A car has a crumple zone that is 0.80 m (80 cm) long. In this car, the distance from the dummy to the steering wheel is 0.50 m. The car has a mass of 1,600 kg and the dummy has a mass of 75 kg. At the time of the crash, the car has a speed of 18 m/s. Based on the work-energy theorem, what is the smallest possible force that the dummy could experience during the crash?

Question

A car has a crumple zone that is 0.80 m (80 cm) long. In this car, the distance from the dummy to the steering wheel is 0.50 m. The car has a mass of 1,600 kg and the dummy has a mass of 75 kg. At the time of the crash, the car has a speed of 18 m/s. Based on the work-energy theorem, what is the smallest possible force that the dummy could experience during the crash?

–9.35 kN
–18.7 kN
–23.2 kN
–199 kN

Answer 1

The work-energy theorem states that the work done on an object is equal to the change in its kinetic energy. In this case, we can use the work done on the car to calculate the force experienced by the dummy during the crash.
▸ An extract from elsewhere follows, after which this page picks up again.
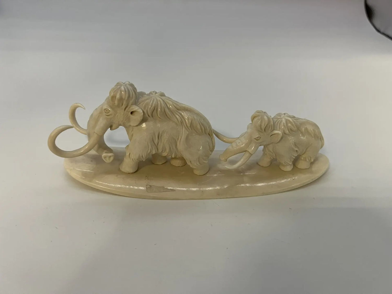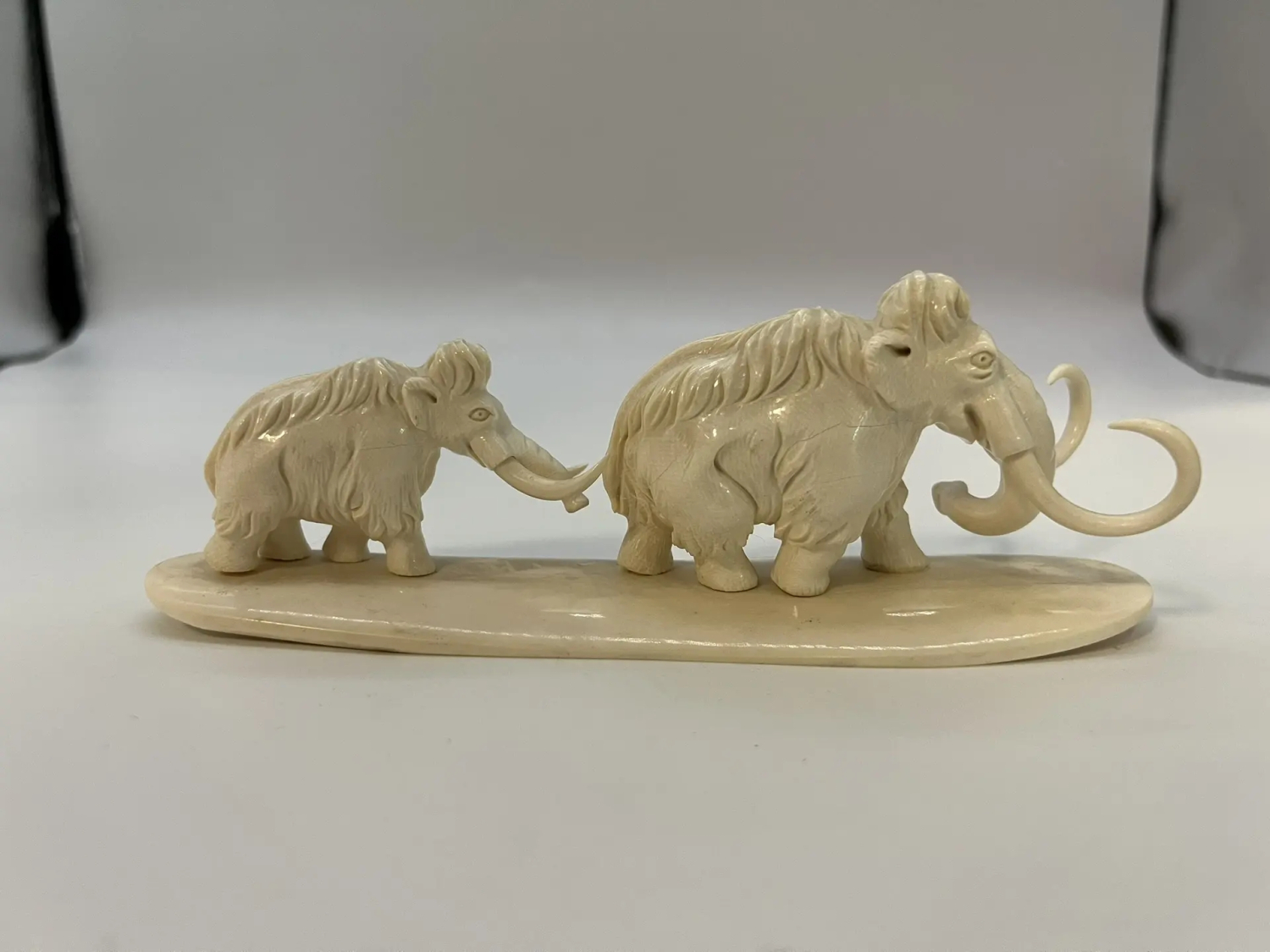 Скульптура «Мамонт с мамонтёнком» из бивня мамонта — это тонко проработанное произведение косторезного искусства, воплощающее трогательный сюжет из жизни доисторических животных.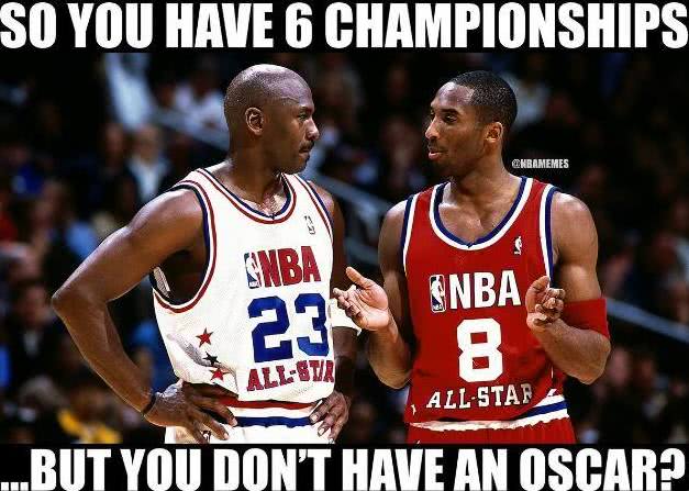 想当初,参演过《空中大灌篮》的乔丹可没这么幸运!科比这次拿奖也打破了此前奥斯卡史上12部获奖的体育电影没有足球和篮球的尴尬!也难怪科比会说拿奥斯卡比总决赛夺冠还爽!

The work done on the car is equal to the change in its kinetic energy. The initial kinetic energy of the car is:

KE_initial = 0.5 * m_car * v_initial^2
KE_initial = 0.5 * 1600 kg * (18 m/s)^2
KE_initial = 259,200 J

The final kinetic energy of the car is zero because it comes to a stop. The work done on the car is then equal to the initial kinetic energy:

Work = KE_initial
Work = 259,200 J

This work is done over a distance equal to the crumple zone length. The force experienced by the dummy is equal to the work done on the car divided by the distance from the dummy to the steering wheel:

Force = Work / distance
Force = 259,200 J / 0.50 m
Force = 518,400 N
Force = 518.4 kN

Therefore, the smallest possible force that the dummy could experience during the crash is 518.4 kN. None of the given options match this calculation.